COLLECTED DATA ->
<<<<
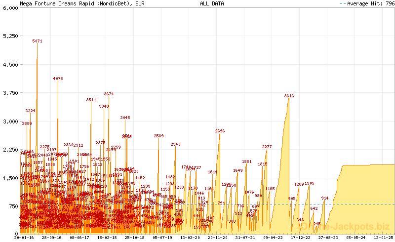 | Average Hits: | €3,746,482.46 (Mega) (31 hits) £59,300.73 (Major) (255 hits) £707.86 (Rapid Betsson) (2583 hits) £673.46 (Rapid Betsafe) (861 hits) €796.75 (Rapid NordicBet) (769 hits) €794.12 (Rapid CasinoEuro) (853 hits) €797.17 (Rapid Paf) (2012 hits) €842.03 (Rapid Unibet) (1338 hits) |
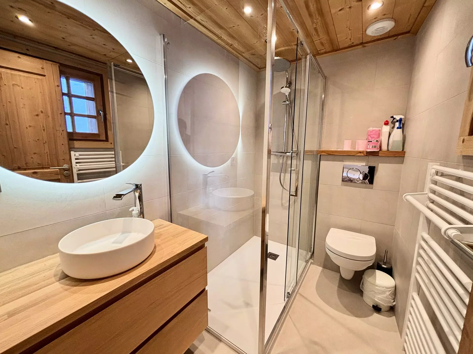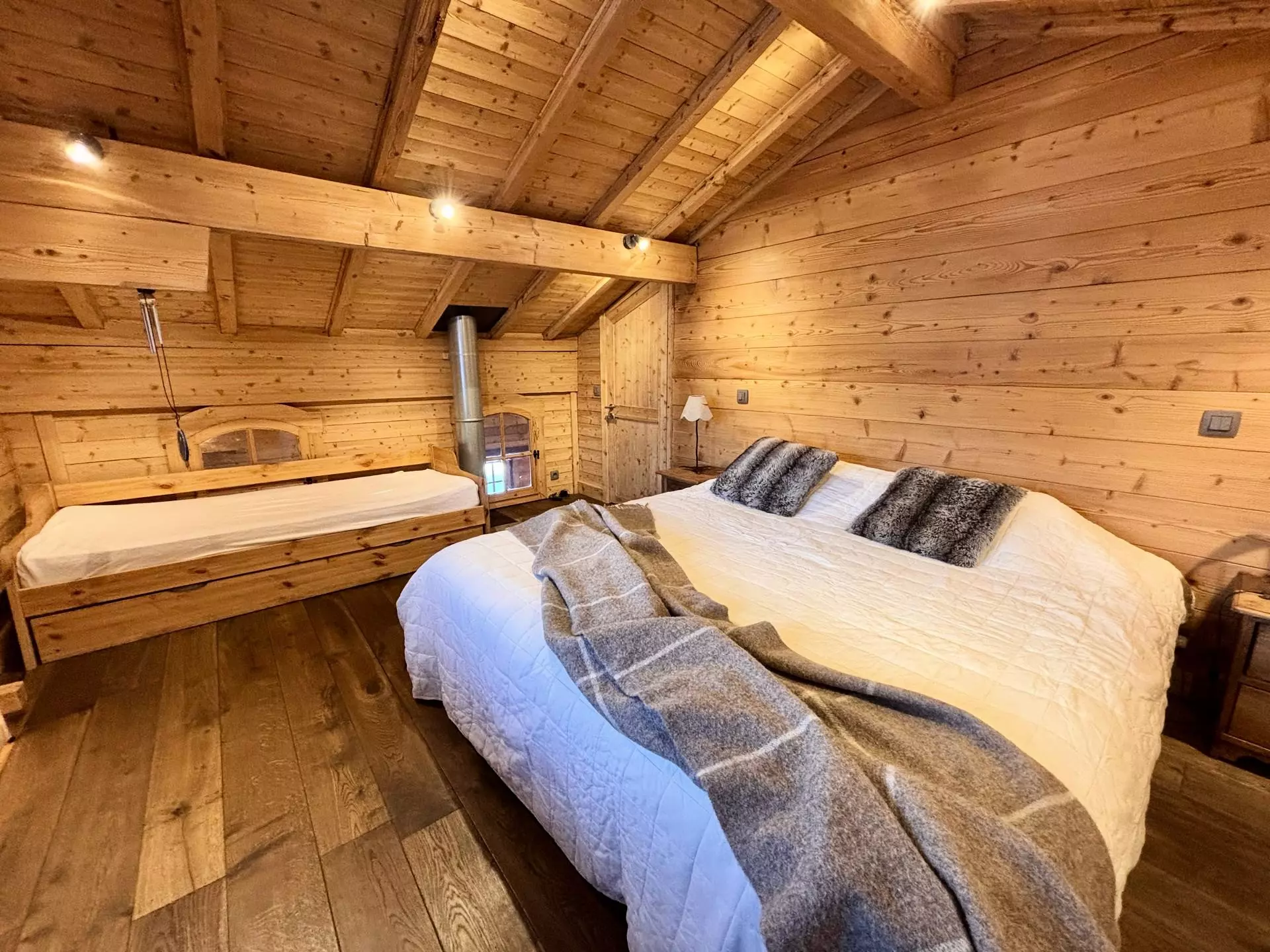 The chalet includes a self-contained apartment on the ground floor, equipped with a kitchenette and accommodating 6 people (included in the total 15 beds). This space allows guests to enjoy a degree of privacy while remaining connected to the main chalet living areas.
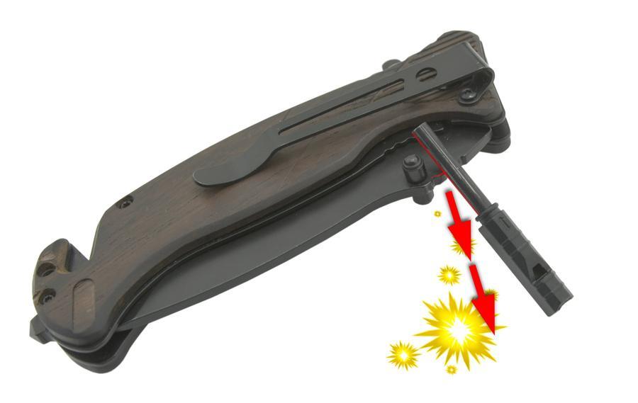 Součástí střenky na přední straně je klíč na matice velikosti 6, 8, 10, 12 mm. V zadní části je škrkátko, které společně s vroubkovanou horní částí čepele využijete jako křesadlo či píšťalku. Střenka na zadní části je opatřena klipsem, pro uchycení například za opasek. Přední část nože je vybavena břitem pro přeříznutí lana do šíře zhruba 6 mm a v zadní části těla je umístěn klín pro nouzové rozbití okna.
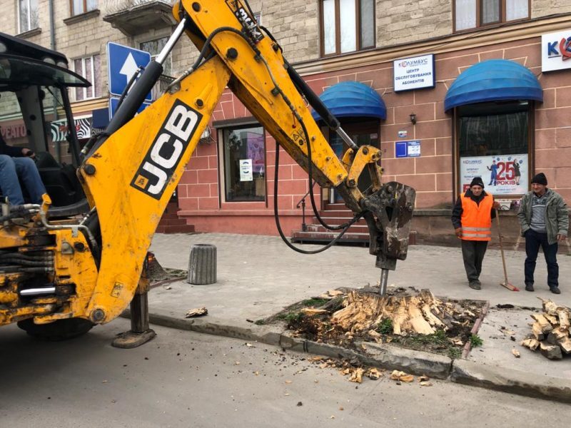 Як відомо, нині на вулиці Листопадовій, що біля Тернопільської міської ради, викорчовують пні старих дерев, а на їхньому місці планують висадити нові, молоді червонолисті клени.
>>>>
Without the pictures, return the listing above from its first line through the line that has "The chalet includes".

OUTPUT ->
 | Average Hits: | €3,746,482.46 (Mega) (31 hits) £59,300.73 (Major) (255 hits) £707.86 (Rapid Betsson) (2583 hits) £673.46 (Rapid Betsafe) (861 hits) €796.75 (Rapid NordicBet) (769 hits) €794.12 (Rapid CasinoEuro) (853 hits) €797.17 (Rapid Paf) (2012 hits) €842.03 (Rapid Unibet) (1338 hits) |
 The chalet includes a self-contained apartment on the ground floor, equipped with a kitchenette and accommodating 6 people (included in the total 15 beds). This space allows guests to enjoy a degree of privacy while remaining connected to the main chalet living areas.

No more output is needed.